After several decades were application programs and system architecture were decoupled by overall relatively clean ISA the last decade has seen an increasing leakage across that interface. The advent of multicores has been accompanied by a growing amount of internals of system architecture to be explicitly visible to the programmer. Although it can be shown on simple examples that very important performance gains can be achieved on very specific architectures after a significant programming effort, this is hardly sustainable and productivity and maintainability of the codes is becoming a really important issue.
The StarSs project at BSC promotes the vision that we need to reintroduce a clean interface between the programmer and the system that allows the first one to express data and computational aspects of algorithms and ideas while leaving to the system the responsibility of maximizing the usage of the architectural resources. The basic concept is to provide within otherwise traditional sequential programming languages the same capabilities that superscalar processors provided for what otherwise was a sequential ISA. By raising the abstraction level from instructions to tasks, many techniques used at the microarchitectural level can be leveraged. Also many new opportunities arise when considering the coarser granularity level of task based models. Today, the implementation of the system under the task based interface is a mixture of architecture aware runtime software plus the available hardware architecture. The runtime is responsible of hiding memory architectures and heterogeneity from the programmer as well as optimizing the schedule of computations. Nevertheless, this vision opens a huge research opportunity for runtime aware architectures that will provide support mechanism to help the runtime and in the long term may result in a very tight fusion between both.
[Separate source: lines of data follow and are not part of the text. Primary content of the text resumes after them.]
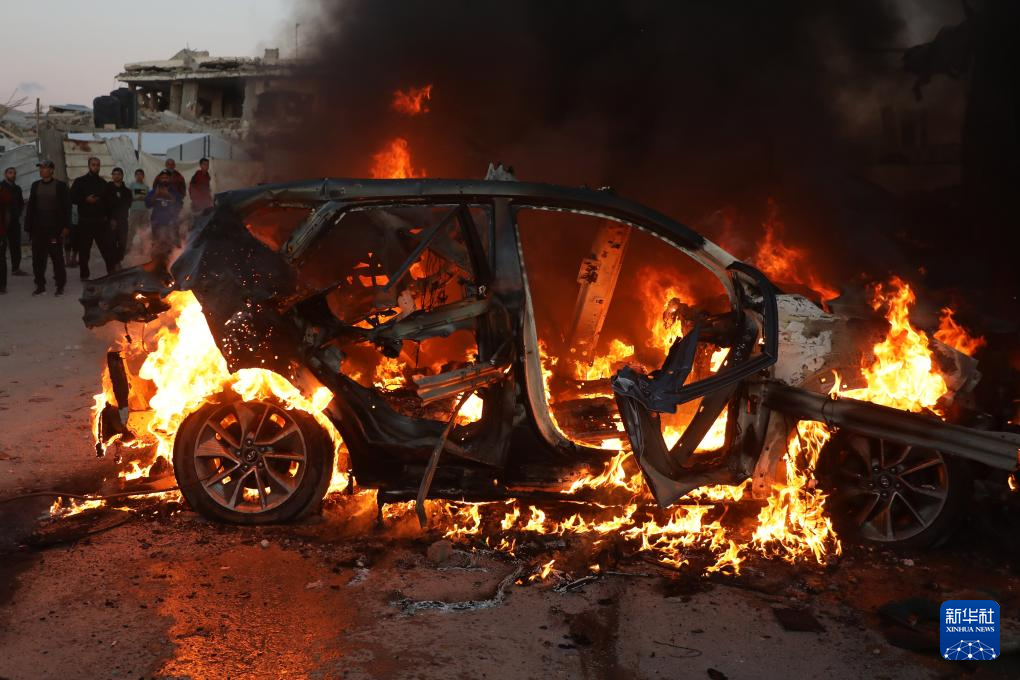 這是4月8日在加沙城拍攝的遭以軍空襲后起火的車輛,車內(nèi)一名半島電視臺記者遇難。新華社發(fā)(里澤克·阿卜杜勒賈瓦德攝)
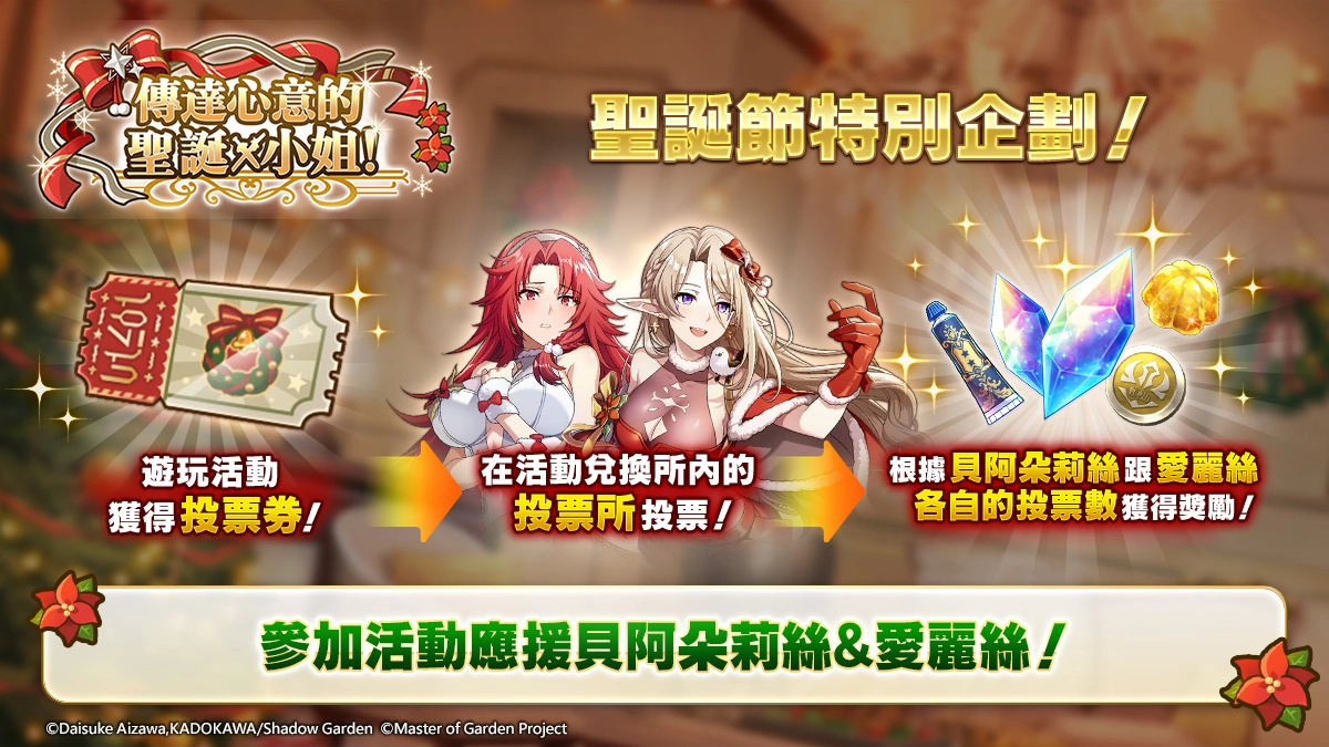 由大宇资讯旗下星宇互娱所代理之《我想成为影之强者! Master of Garden》,于 11/30 配合即将到来的圣诞节全球同步举办【传达心意的圣诞小姐! 】圣诞节限定活动,人气角色「贝阿朵莉丝」、「爱丽丝•米德加」也换上了符合圣诞节的衣装来欢迎各位闇影大人。
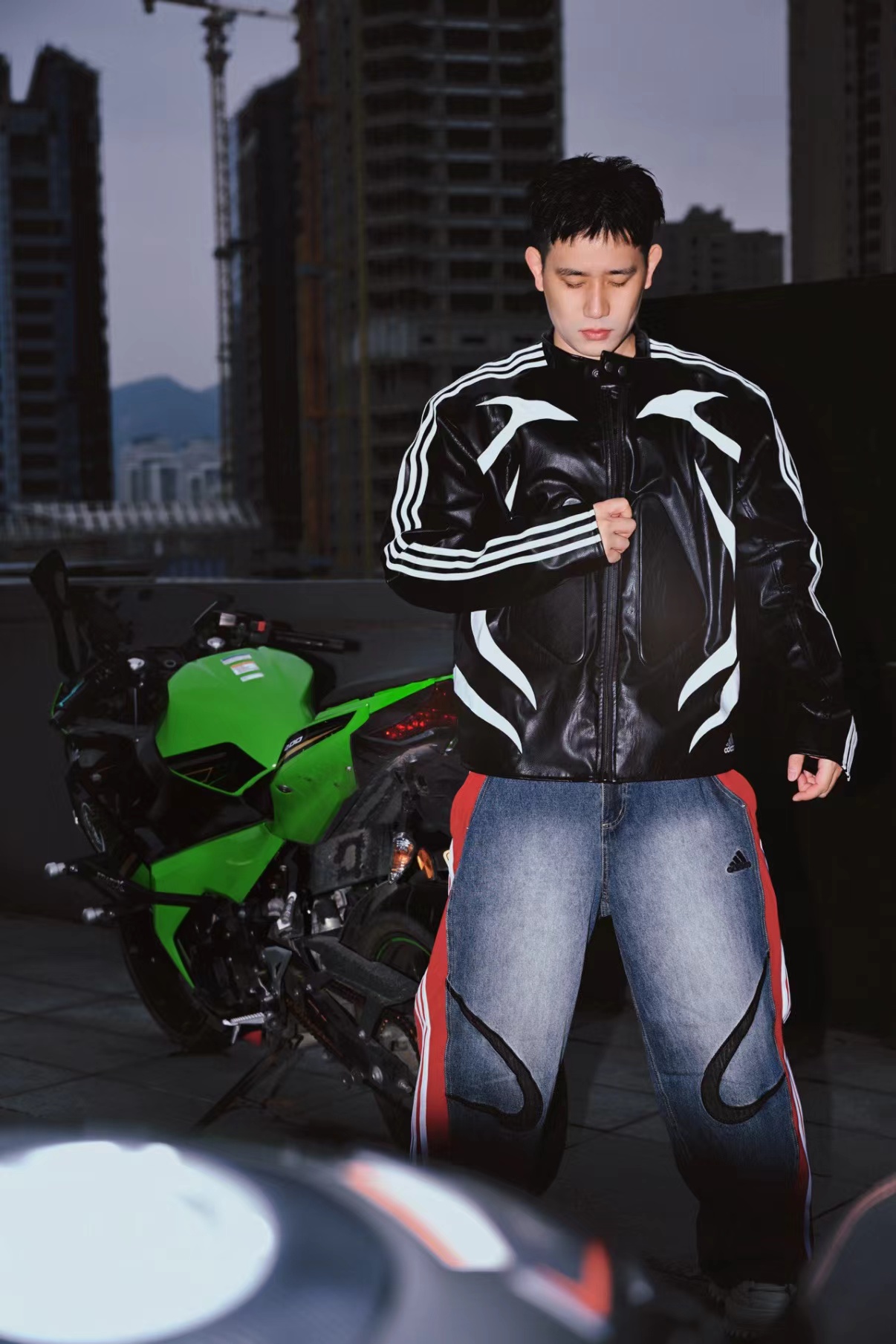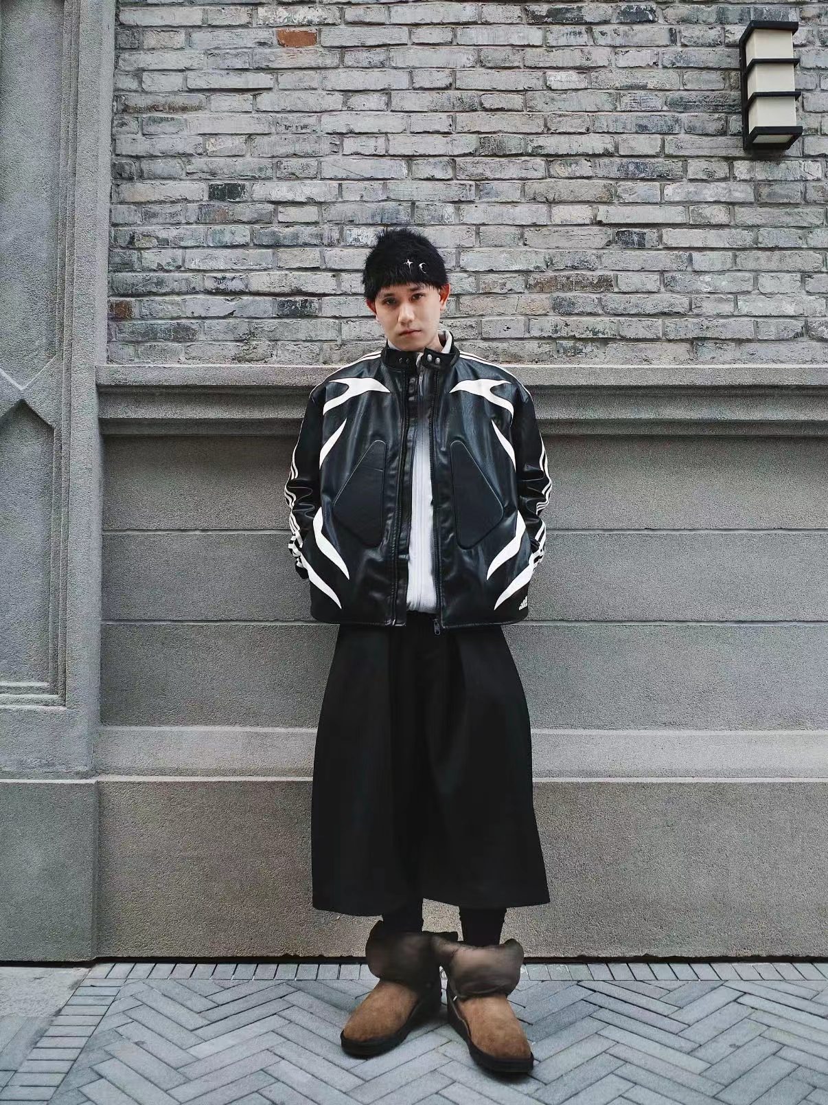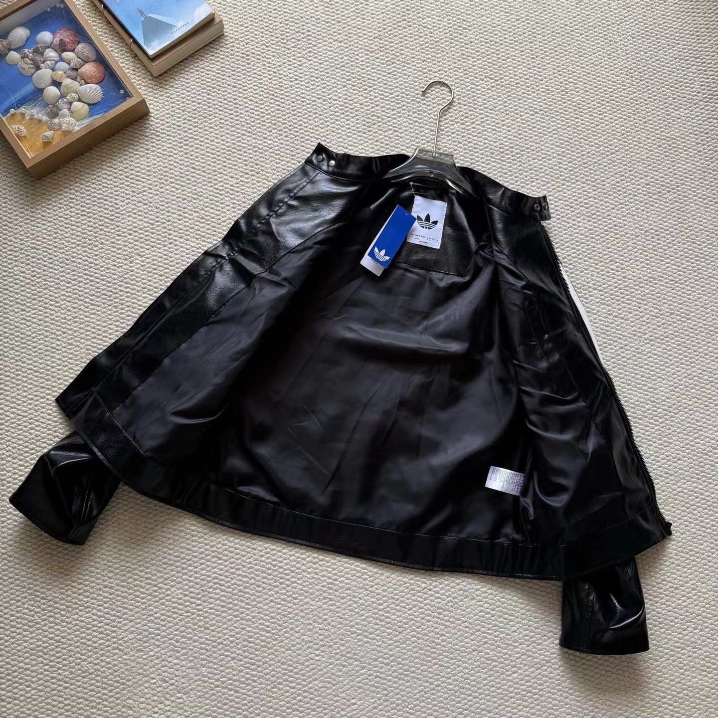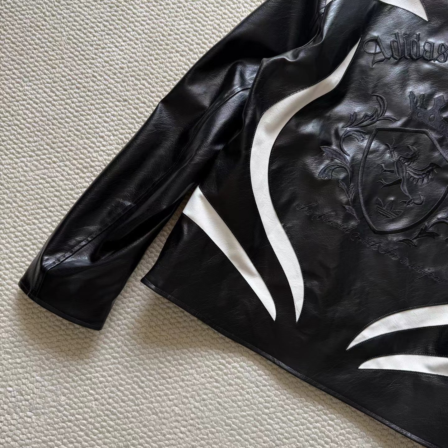 舒适亲肤立领宽松拉链夹克 男女同款!!机车皮衣,黑色皮质+白色线条,视觉冲击力满分!3D立体图案+流线型拼接,层次感十足,硬挺又细腻。后背jing致刺绣Logo,细节控必入!秀场款,街头风与jing致感兼具。复古or甜酷都能轻松驾驭,是潮流穿搭单品。
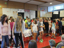 Die GWRRS wurde am 14. Juli, dem französischen Nationalfeiertag, zu einer kleinen französischen Insel. An diesem sonnigen Sommerabend konnten sich Schüler, Eltern und Lehrer durch musikalische und kulinarische Köstlichkeiten ins Land der Gallier entführen lassen. Nach der Einstimmung durch die französische Nationalhymne, die „Marseilleise“, traten die Schüler der 7. Realschulklasse nach einem Jahr Französisch-Unterricht bereits als Lehrer auf und bemühten sich, dem Publikum die wichtigsten französischen Ausdrücke nahezubringen. Neben dem aktuellen Rapsong „Zombie“ der 9. Klassen durften natürlich auch Chansons nicht fehlen. So boten die sechs Schüler der R8 eine musikalische Wiederbelebung der Klassiker „Paris sera toujours Paris“ und „Jardin“, die vielen Franzosen noch im Ohr sein dürften. Schließlich hatten auch die Zuschauer die Möglichkeit, aktiv zu werden und boten damit den krönenden Abschluss des musikalischen Programms. Natürlich durfte auch kulinarisch in Urlaubserinnerungen geschwelgt werden: angefangen beim „Crémant“, über „Sandwichs au Thon“, bis hin zur „Mousse au Chocolat“. Voilà: Alles in allem eine ziemlich perfekte Illusion – einstudiert von Lehrerin Frau Hinz.
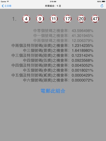 本程式經過精密運算, 提供只需三百多注組合(只限標準版)便能確保最少一注必中三個號碼(普獎)或以上、43注必中兩個號碼或以上、8注必中一個號碼或以上, 因此中獎機會亦大大提昇。
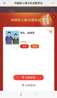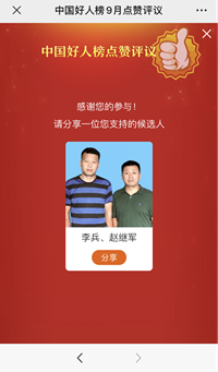 手机微信关注“中国文明网公众号”,点击“专栏”,点击“点赞好人”,选择省份安徽,选择李兵、赵继军点赞,确认完成。
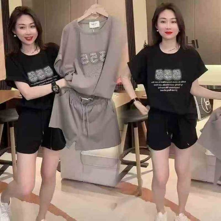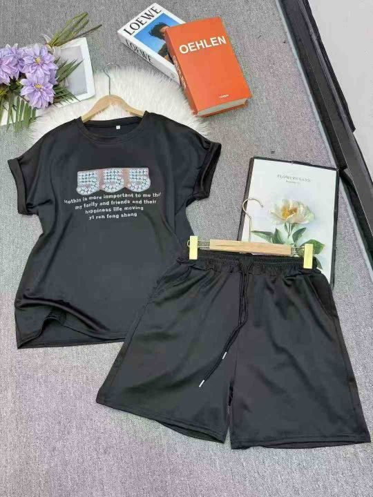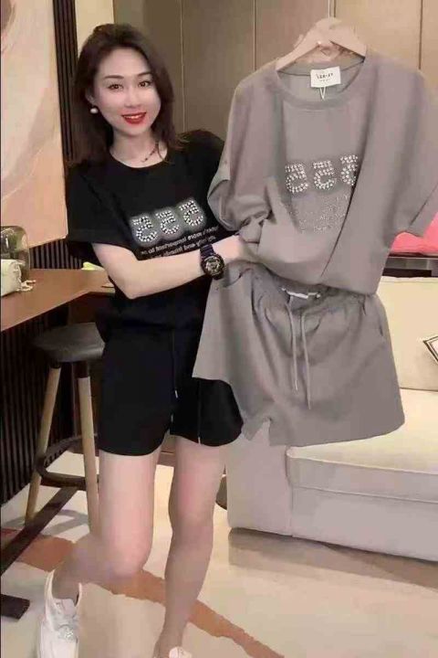 2025夏韩版洋气宽松时尚运动套装短袖T恤抽绳短裤,243件,1-4码 分货➕1(黑色套装为主,中间码多)独立包装 模特图及供参考(货号1129#63)
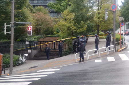 機動隊員が負傷した米大使館付近の現場周辺=24日午後、東京都港区 24日午後2時半ごろ、東京都港区の米大使館近くで、警戒中の機動隊員が不審な動きをしていた男に職務質問したところ、男は所持していたリュックと黒い袋からそれぞれ1本ずつ刃物を取り出した。複数の隊員で取り押さえようとしたところ暴れ、隊員1人が右足首に刃物が当たって負傷した。命に別条はない。

The talk will elaborate on this vision and although there is still a lot of research to be done and best practices to promote, we will present some examples based on the OmpSs incarnation of the StarSs concept that demonstrate how this vision can be implemented and its potential benefits.
Jesus Labarta is full professor on Computer Architecture at the Technical University of Catalonia (UPC) since 1990. Since 1981 he has been lecturing on computer architecture, operating systems, computer networks and performance evaluation. His research interest has been centered on parallel computing, covering areas from multiprocessor architecture, memory hierarchy, programming models, parallelizing compilers, operating systems, parallelization of numerical kernels, performance analysis and prediction tools.
Since 2005 he is responsible of the Computer Science Research Department within the Barcelona Supercomputing Center (BSC). He has been involved in research cooperation with many leading companies on HPC related topics. His major directions of current work relate to performance analysis tools, programming models and resource management. His team distributes the Open Source BSC tools (Paraver and Dimemas) and performs research on increasing the intelligence embedded in the performance analysis tools. He is involved in the development of the OmpSs programming model and its different implementations for SMP, GPUs and cluster platforms. He has been involved in Exascale activities such as IESP and EESI where he has been responsible of the Runtime and Programming model sections of the respective Roadmaps. He leads the programming models and resource management activities in the HPC subproject of the Human Brain Project.